Updated: Jul 8, 2020
Coronaviruses are a large family of RNA viruses that are known to cause respiratory tract illnesses like the common cold. Most coronaviruses affect animals and can be transmitted between animals and humans. COVID-19, symptomized by fever, cough, and shortness of breath, is the latest addition to the group. The real-time reverse transcription-polymerase chain reaction (RT-PCR) test is the most commonly used reference test for the diagnosis of COVID-19.
This blog article describes the work that is published in detail at:
Rohit Lokwani, Ashrika Gaikwad, Viraj Kulkarni, Aniruddha Pant, Amit Kharat. "Automated Detection of COVID-19 from CT Scans Using Convolutional Neural Networks"
The RT-PCR test comes with its shortcomings, which include the complex process of specimen collection, the long time required for the analysis, variability in the accuracy of the test, and a shortage of testing kits. RT-PCR tests can be supplemented with computer-based detection methods like machine learning that extract features from an image and give diagnostic outcomes. The most common and economical of these is chest radiography. Radiologists use chest X-ray images (CXRs) to detect pathologies like pneumonia, tuberculosis, and early lung cancer.
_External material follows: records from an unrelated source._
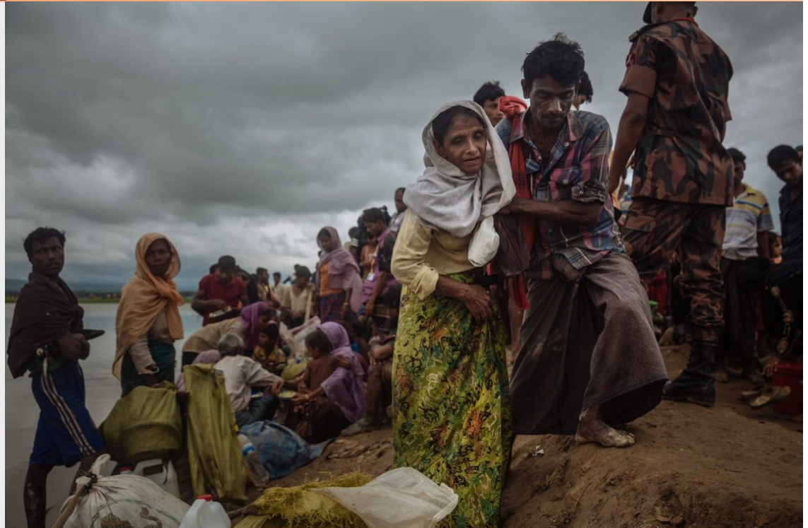
Rohingya families fleeing violence in Myanmar's Rakhine State help each other every step of the way as they cross over to Bangladesh. An estimated 15,000 Rohingya wait to cross at Anjumanpara since 16 October. IOM is responding to the needs of the most vulnerable with security, shelter, food, and protection.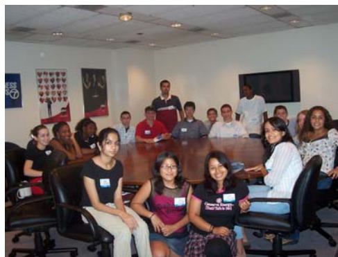
WABC Studios Conference Room.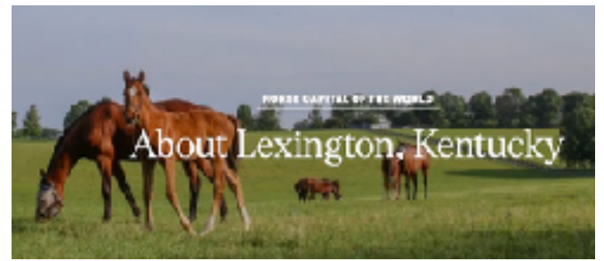
Lexington Visitors Bureau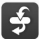
Program Data Store/Load

SKYRC B6 AC+ V2 employs an individual-cell-voltage balancer. It isn't necessary to connect an external balancer for balance charging.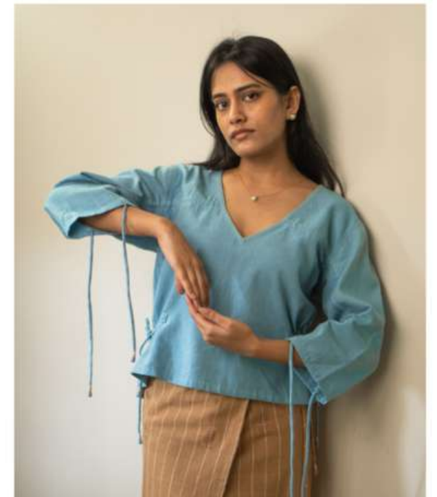
| Materiality Reversible Ruched Blouse | L/WS/S04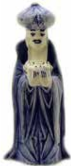
011476.12 Wiseman #3 4.75" H $24.00

But, detecting COVID-19 using CXRs is challenging due to the less evident visual features in CXRs caused by the overlapping of ribs and soft tissues and low contrast. Using chest CT scans, with their high accuracy and speed, resolves these shortcomings. It is essential to detect the presence of COVID-19 at an early stage to curb human-to-human transmission. Here, CT assists in the detection of minor infections. Our proposed method uses neural networks to identify the pixels showing COVID-19 affected regions in a CT scan and triage the patient as either high suspicion of COVID-19 or negative.
We trained a convolutional neural network to segment out the region of COVID infection and, in turn, separate COVID-19 cases from non-COVID cases. We used transfer learning to initialize this model with the weights from our COVID-19 vs non-COVID X-ray model, which helped us in improving the accuracy and reducing the time for optimization.
We evaluated COVID-positive, COVID-negative, consolidation, and healthy CT scans from multiple geographies globally including India. The ground truth in these images was decided based on their RT-PCR test results. The CT slices were annotated, classified, and marked positive by a group of trained expert radiologists. We observed a sensitivity of 96.3% with a specificity of 93.6% while evaluating the model. The dice coefficient on positive samples was 56.1%. We tested our model on datasets from sources across three different countries (China, Italy, and India) and found that the performance of the model remained consistent.
The diagnosis of COVID-19 using CXRs and CT scans has gained significance since the ubiquitous spread of this disease. Chest CT scans usually tend to show the region of infection more clearly than CXRs. In conclusion, chest CT has proved to have a higher sensitivity for COVID-19 diagnosis than CXRs. Our analysis makes a strong case for using chest CT for COVID-19 screening and evaluation, especially in epidemic situations, where community spread calls for speedy diagnosis. Chest CT can also assist in ascertaining the overall extent of infection and can have a potential role in disease prognostication.